FEKTER: Der Euro hatte nie eine Krise, das ist eine sehr stabile Währung. Wir hatten eine Griechenland-Krise, die zu einer sehr gefährlichen Schuldenkrise für ganz Europa geworden ist. Diese Krise ist noch nicht beseitigt, aber jetzt gibt es die richtigen Lösungsansätze.

ÖSTERREICH: Sie waren immer gegen den Schuldenerlass für Griechenland.
FEKTER: Ich war immer vehement dagegen, dass unsere Steuerzahler einen Schuldennachlass für die Griechen zahlen müssen. Die jetzige Lösung ist eine sehr gute. Sie kostet unsere Steuerzahler keinen Euro, sie wird freiwillig von den Banken getragen – und sie gibt den Griechen die Chance, ihr Land auf neue starke Beine zu stellen.
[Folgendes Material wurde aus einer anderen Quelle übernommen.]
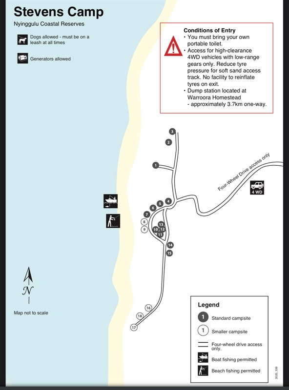 camping area is back behind the primary dune which offers some protection from the prevailing winds.As with all campsites are Warroora, you must book online the Parks website and byo
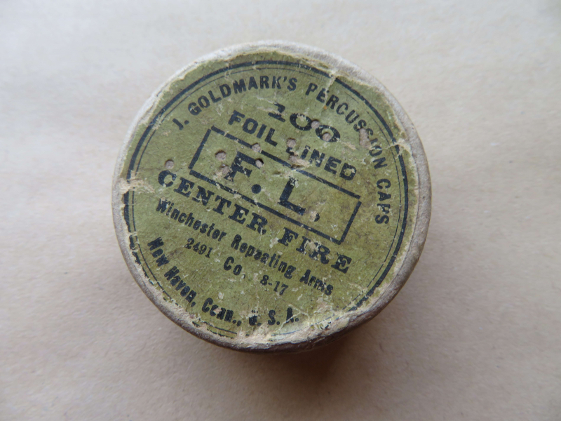 Antike Goldmarks Percussions Zündhütchen Dose aus Pappe. Die Dose hat einen Durchmesser von 4 cm und sie ist 1,5 cm hoch. Das seitliche Label ist vorhanden. Aufschrift siehe Foto. Natürlich hat die alte Dose Gebrauchsspuren. Auf das Bild darf verwiesen werden. -keine Gewährleistung und keine Rücknahme-
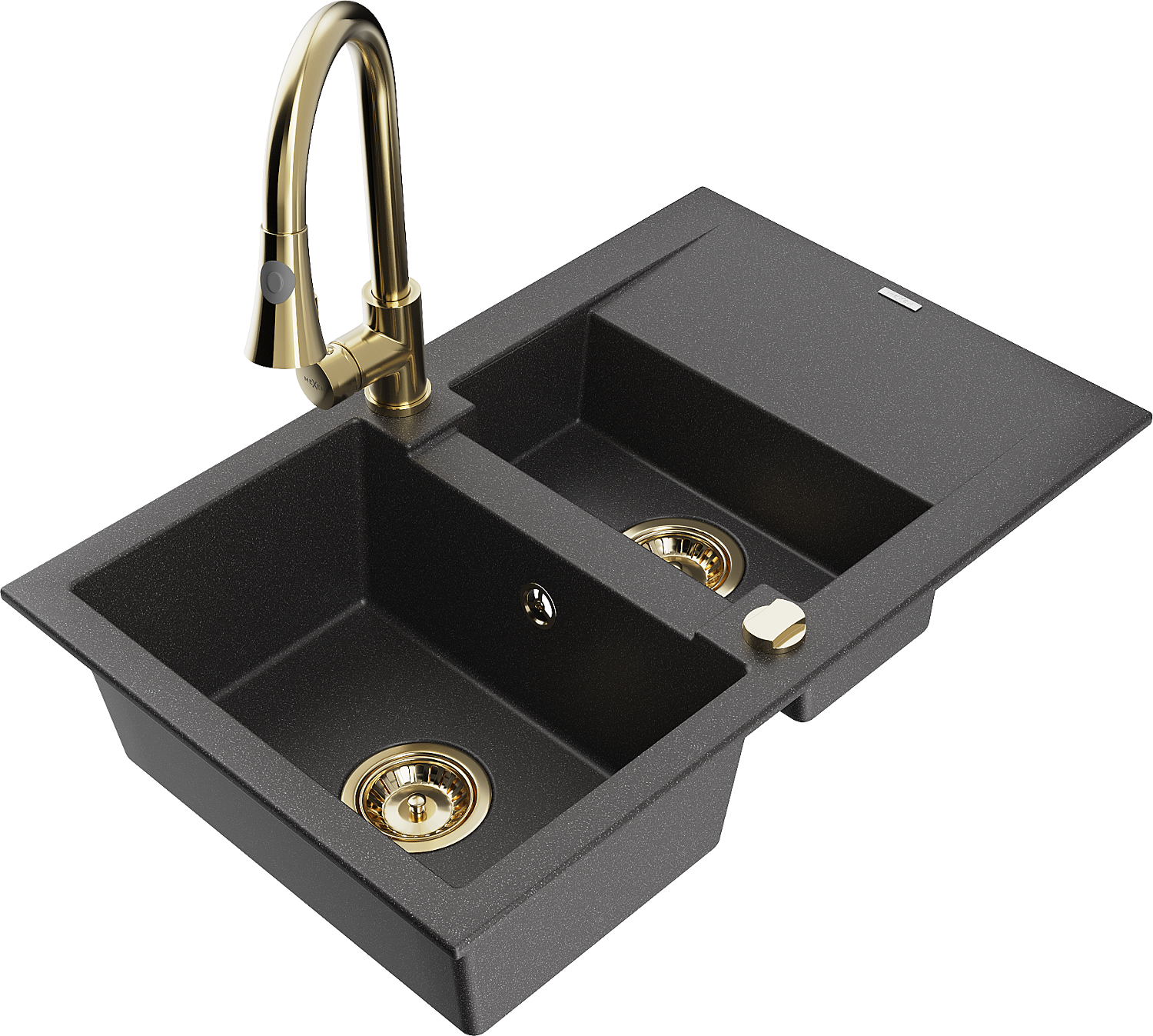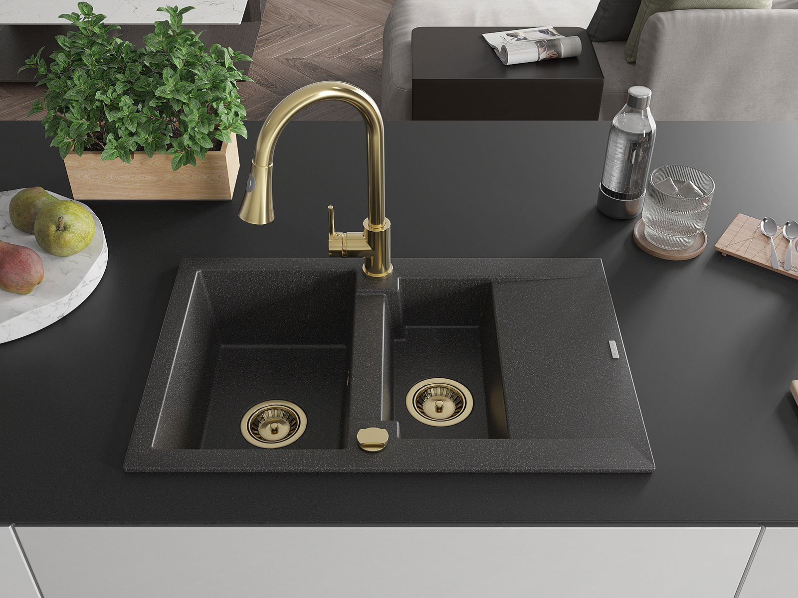 Mexen Gaspar granito plautuvė 1,5-dubenio su nusausintuvu ir virtuviniu maišytuvu Elia, juodas dėmėtas - 6507-76-670101-50
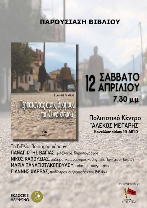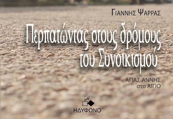 Παρουσιάζεται το Σάββατο 12 Απριλίου, στις 7.30μ.μ.  στο Πολιτιστικό Κέντρο Αιγίου «Αλέκος Μέγαρης», το βιβλίο του Γιάννη Ψαρρά «Περπατώντας στους δρόμους του Συνοικισμού (Αγίας Άννης Αίγιο)» που κυκλοφορεί από τις εκδόσεις ΗΔΥΦΩΝΟ.
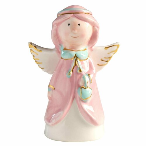 Фигурка декоративная Девочка-ангел в розовой накидке, с сердечком, 11.2х7.8х5 см, керамика
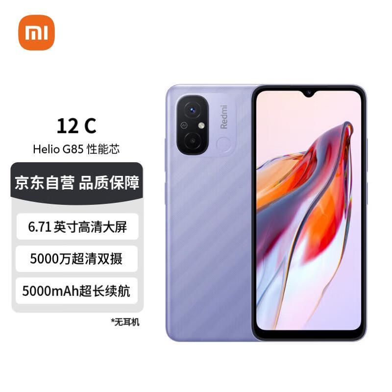 小米【6万+人加购】红米 12C Helio G85 性能芯 5000万高清双摄 4GB+64GB 熏衣紫 小米红米手机 su7价格:495.00元!
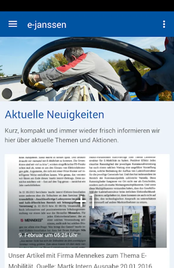 Always and everywhere: electric Janssen now available on your smartphone! With our app always get all the news directly into your pocket. Interesting facts about e -Mobility and other highlights. Contact the back there is also the simple touch of a button. This app is the direct line to us.
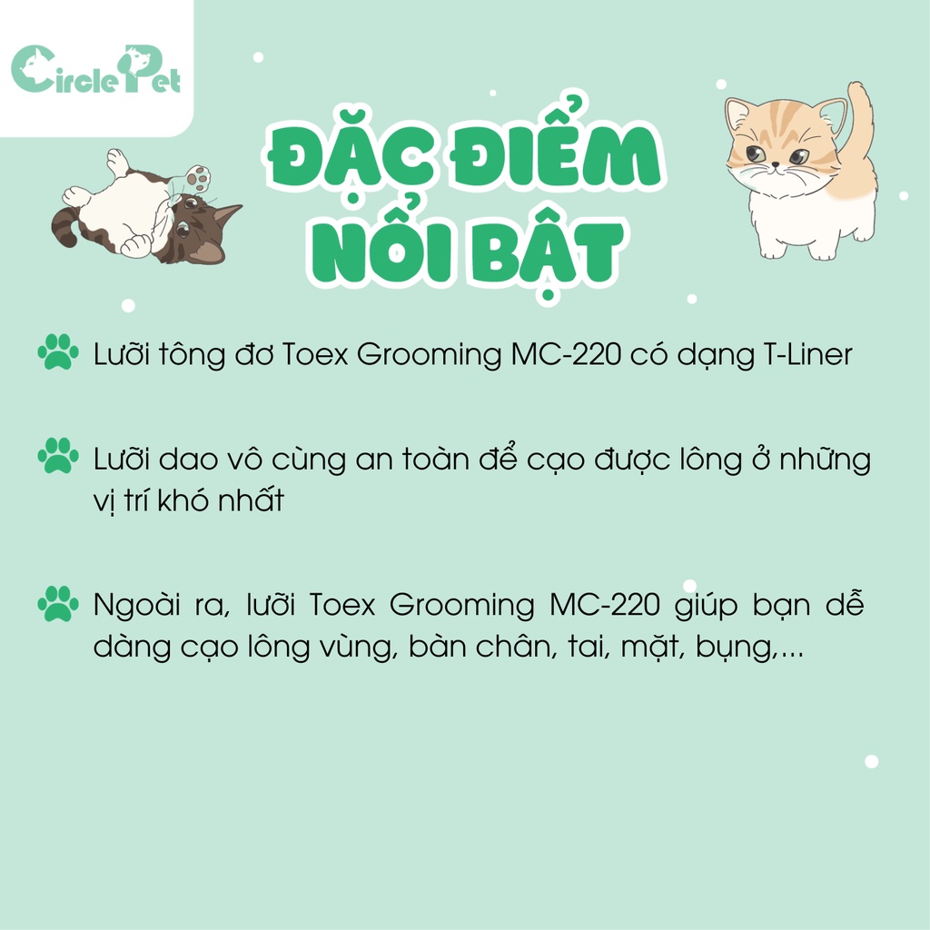 Sản phẩm Tông Đơ TOEX GROOMING MC-220 Cắt Tỉa Lông Thú Cưng Chạy Bằng Pin 10x5x17cm - Circle Pet đang có giá bán là 676,000đ. Hiện tại, đang có hàng sẵn tại shop của chúng tôi trên sàn TMĐT Shopee. Quý khách có thể ĐẾN NƠI BÁN để vào shop chúng tôi đặt mua online, trả góp, ship hỏa tốc, thanh toán thẻ visa/master, thông tin xuất hóa đơn đỏ (VAT) hay cần có thêm nhiều thông tin về sản phẩm.
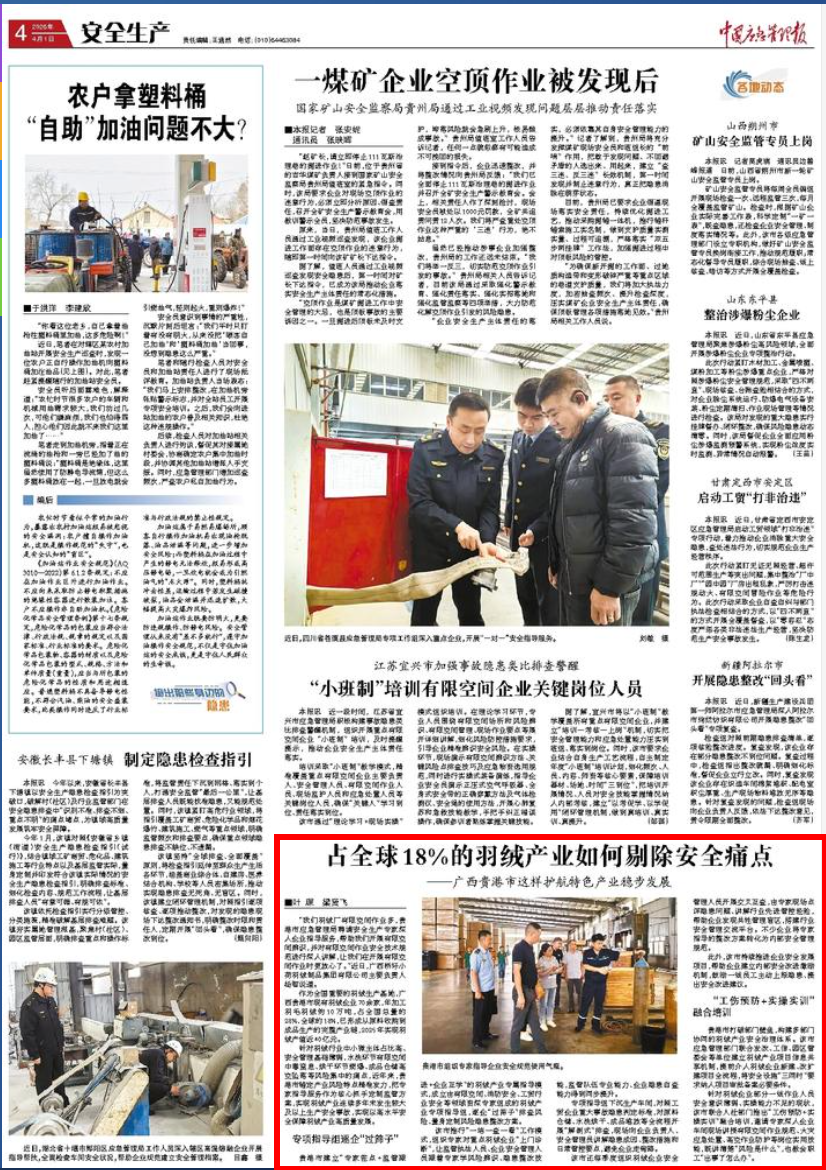 《中国应急管理报》2026年4月1日第4版刊发文章《占全球18%的羽绒产业如何剔除安全痛点——广西贵港市这样护航特色产业稳步发展》,全文如下——
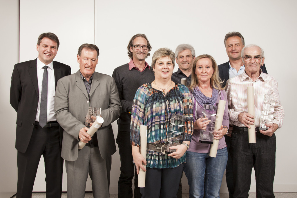 Geehrte vom Ski- und Snowboardverei, flankiert von Bgm. Dr. Kurt Fischer und dem Abteilungsleiter für Sport und Freizeit, Franz Kullich
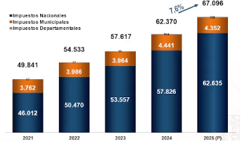 Figura Nº 2: Recaudación Tributaria 2021 – 2025, en millones de bolivianos y porcentaje
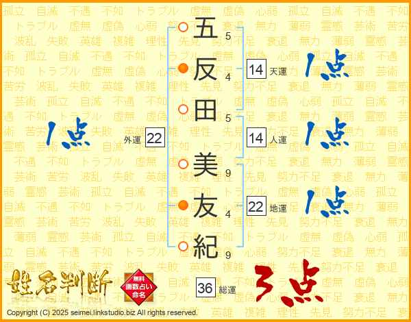 五反田美友紀さんの天運は14画の1点!
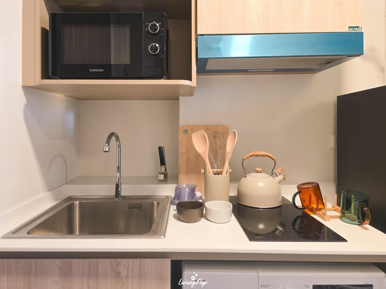 ชุดครัวจะ Built-in มาให้เหมือนกับห้องตัวอย่างเลยครับ เคาน์เตอร์ด้านล่างเก็บของได้ มีช่องสำหรับวางเครื่องซักผ้า เราจะได้ไม่ต้องเอาเครื่องซักผ้าไปวางที่ระเบียง ด้านบนก็เก็บของได้ ช่องวางไมโครเวฟก็ไม่สูงเกินไป นอกจากนี้ก็จะติดตั้งอ่างล้างจาน เตาไฟฟ้า และเครื่องดูดควันมาให้ด้วยครับ
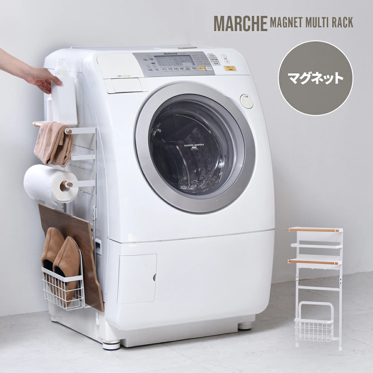 マグネットマルチ収納ラック ランドリー収納 シンプルスタイル ナチュラル 角型 スチール おしゃれ マグネットマルチ収納ラック

ÖSTERREICH: Geht’s jetzt mit Europa wieder aufwärts?
FEKTER: Aber sicher – ich bin da sehr optimistisch. Sie sehen ja, wie positiv die Märkte, die Börsen, die Anleger ­reagieren. Es ist jetzt wieder Vertrauen da in die Politik und auch in die EU. Die EU hat endlich gezeigt, dass sie handlungsfähig ist und auch große Entscheidungen rasch treffen kann. Ich bin sehr froh, dass wir dieses Gesamtpaket geschafft haben.
 

Auf der nächsten Seite: Das Reise-Protokoll und große Interview von SPÖ-Kanzler Faymann.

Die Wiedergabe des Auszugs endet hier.